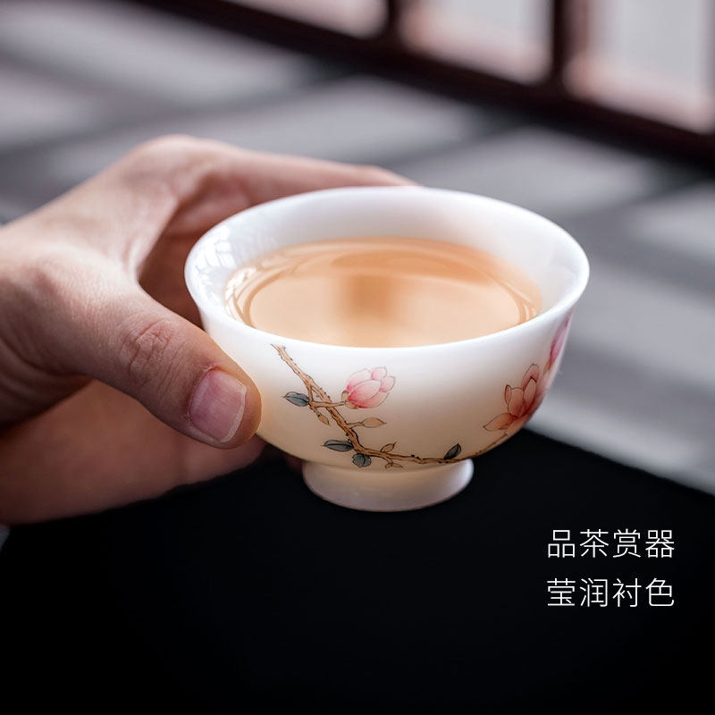 📚 高端手绘玉兰花主人杯冰种玉瓷家用中式个人专用陶瓷茶具喝茶杯女
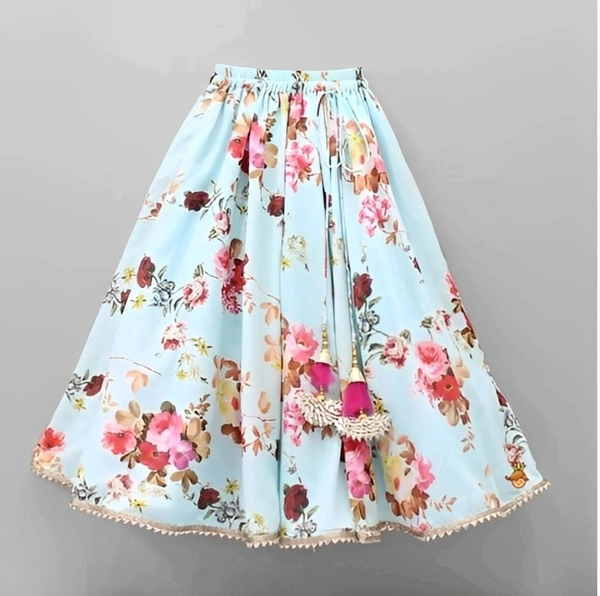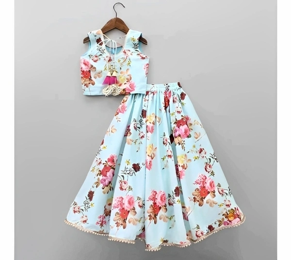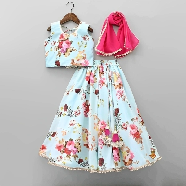 Introducing our Girls' Lehenga Cholis Pack - a delightful choice for young ones. This set includes a top, lehenga, and a net dupatta, all crafted from comfortable Cotton Blend fabric. The top showcases a charming print, while the lehenga boasts a lovely floral pattern. The sleeveless design adds to the appeal. The set comes in various sizes, from 0-1 years to 13-14 years, ensuring a perfect fit for your child. Ideal for occasions like Birthdays, Weddings, Diwali, Eid, and Christmas. Discover our trendy kids' collection from India and enjoy a delightful shopping experience.
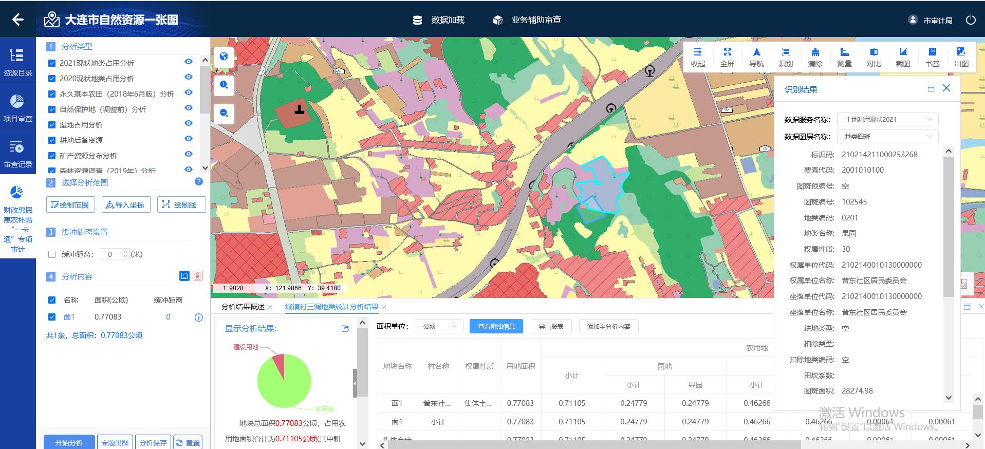 二是全面研究“政策+数据”审计手段。基于审计调查项目全面采集数据,围绕资金监管重点和政策难点堵点,精准锁定数据分析要点,运用先进的数据技术方法分析筛选疑点。结合政策清单制定详细的“大数据审计操作指引”,在审计专网环境下,利用大数据平台殡葬、低保、残疾人等辅助数据支撑,逐项对补贴对象身份条件关联比对;研究运用地理信息技术,将国土利用现状与土地确权矢量数据图斑叠加(图2),锁定果园、林地、撂荒地等问题地块,关联农业补贴发放数据发现虚报补贴面积疑点。快速准确核实这些精准到人、到户、到地的疑点,能有效实现问题从单点向多点、局部向整体的覆盖,精准揭示补助资金普遍被虚报冒领、违规发放问题。
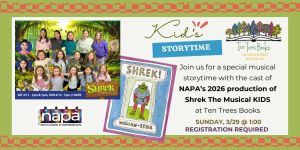 Come join the members of the cast of @napa.theaterarts 2026 production of Shrek The Musical KIDS, for a music filled storytime!Listen as the cast read aloud the original Shrek book and sing some hits for their upcoming show!
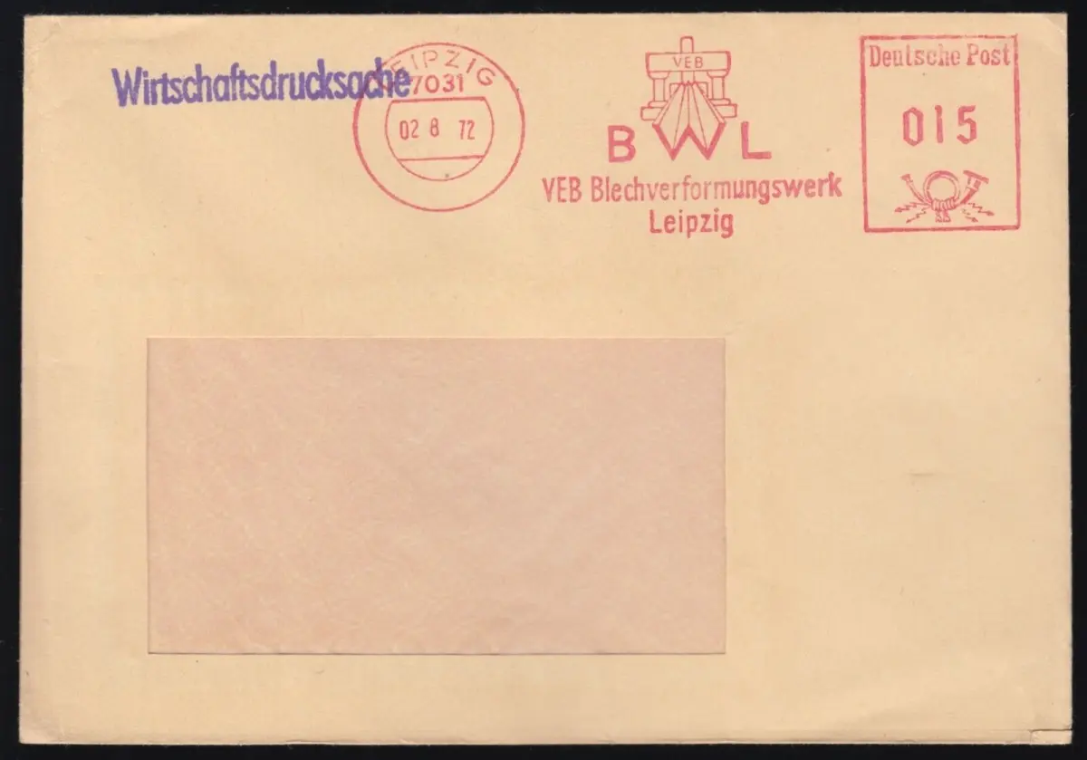 AbsenderfreistempelBWL, VEB Blechverformungswerk Leipzig Abbildungen: Betriebssignet Absender: VEB Blechverformungswerk Leipzig Empfänger: unbekannt, Fensterbrief Nebenstempel: Wirtschaftsdrucksache Anmerkungen: keine Im Inland erfolgt die Zusendung versandkostenfrei als Briefsendung der Deutschen Post AG oder eines privaten Postanbieters. Auslandsversand erfolgt über
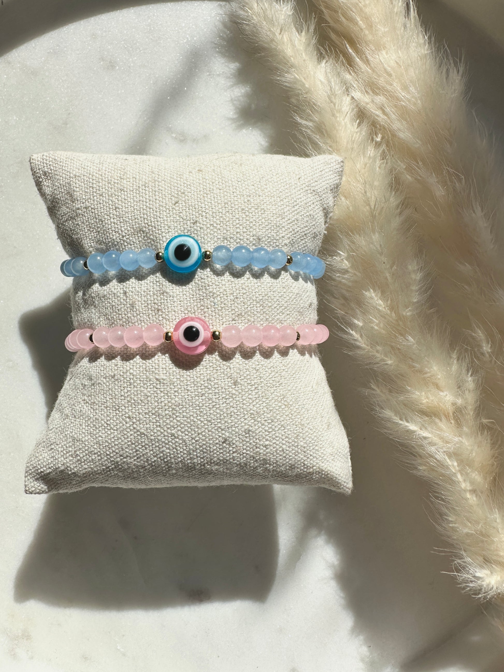 Light blue jade or rose quartz paired with your choice of gold or silver accents and an evil eye.
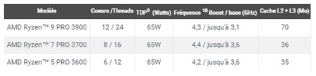 Les processeurs AMD Ryzen 9 PRO 3900, AMD Ryzen 7 PRO 3700 et AMD Ryzen 5 PRO 3600 sont basés sur l’architecture la plus avancée au monde, à savoir l’architecture « Zen 2 » en 7 nm. Ils sont conçus pour s’adapter à pratiquement tous les contextes professionnels et propulsent des systèmes polyvalents signés HP et Lenovo. Offrant jusqu’à 12 cœurs et 24 threads avec le AMD Ryzen 9 PRO 3900, soit la configuration multicoeurs la plus importante pour un processeur professionnel1, les nouveaux processeurs s’appuient sur une conception haute performance et sur une efficacité élevée parfaites pour les environnements professionnels les plus rigoureux. Ils disposent par ailleurs d’un rendement énergétique supérieur pour des performances sans compromis.
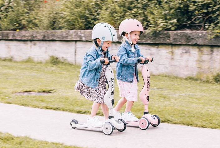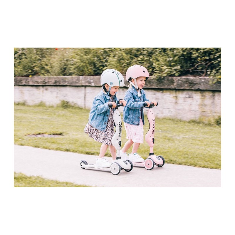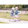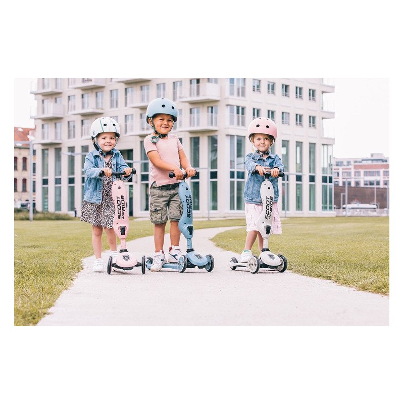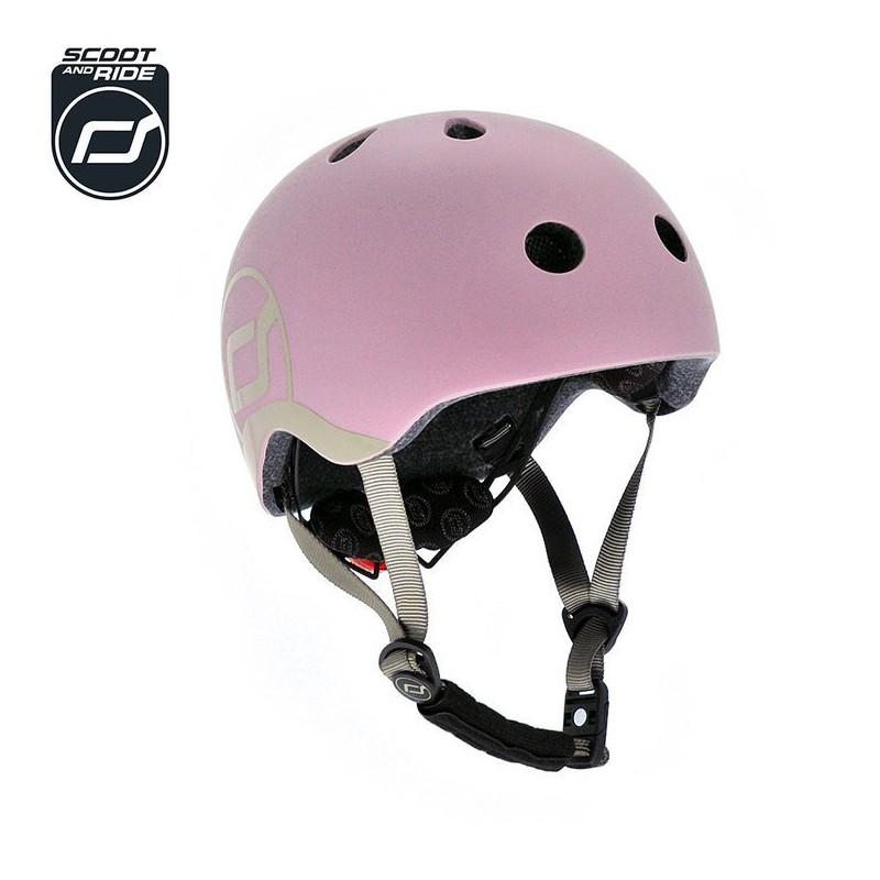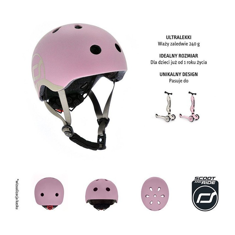 Ultralekki dziecięcy kask ochronny SCOOTANDRIDE dedykowany dzieciom od 1 do 5 roku życia. Regulowany za pomocą pokrętła z tyłu, wyposażony w czerwoną lampkę LED z trzema trybami świecenia, oraz bezpieczne magnetycznie zapięcie pod szyją z polarowym podbródkiem zapewniającym dodatkową ochronę.

● **EXERCISE DIRECTIONS**
Reproduce the lines of the listing exactly, starting at the one that contains "Light blue jade" and continuing through the final line, but leave out the pictures.

● **WRITTEN RESPONSE**
 Light blue jade or rose quartz paired with your choice of gold or silver accents and an evil eye.
 Les processeurs AMD Ryzen 9 PRO 3900, AMD Ryzen 7 PRO 3700 et AMD Ryzen 5 PRO 3600 sont basés sur l’architecture la plus avancée au monde, à savoir l’architecture « Zen 2 » en 7 nm. Ils sont conçus pour s’adapter à pratiquement tous les contextes professionnels et propulsent des systèmes polyvalents signés HP et Lenovo. Offrant jusqu’à 12 cœurs et 24 threads avec le AMD Ryzen 9 PRO 3900, soit la configuration multicoeurs la plus importante pour un processeur professionnel1, les nouveaux processeurs s’appuient sur une conception haute performance et sur une efficacité élevée parfaites pour les environnements professionnels les plus rigoureux. Ils disposent par ailleurs d’un rendement énergétique supérieur pour des performances sans compromis.
 Ultralekki dziecięcy kask ochronny SCOOTANDRIDE dedykowany dzieciom od 1 do 5 roku życia. Regulowany za pomocą pokrętła z tyłu, wyposażony w czerwoną lampkę LED z trzema trybami świecenia, oraz bezpieczne magnetycznie zapięcie pod szyją z polarowym podbródkiem zapewniającym dodatkową ochronę.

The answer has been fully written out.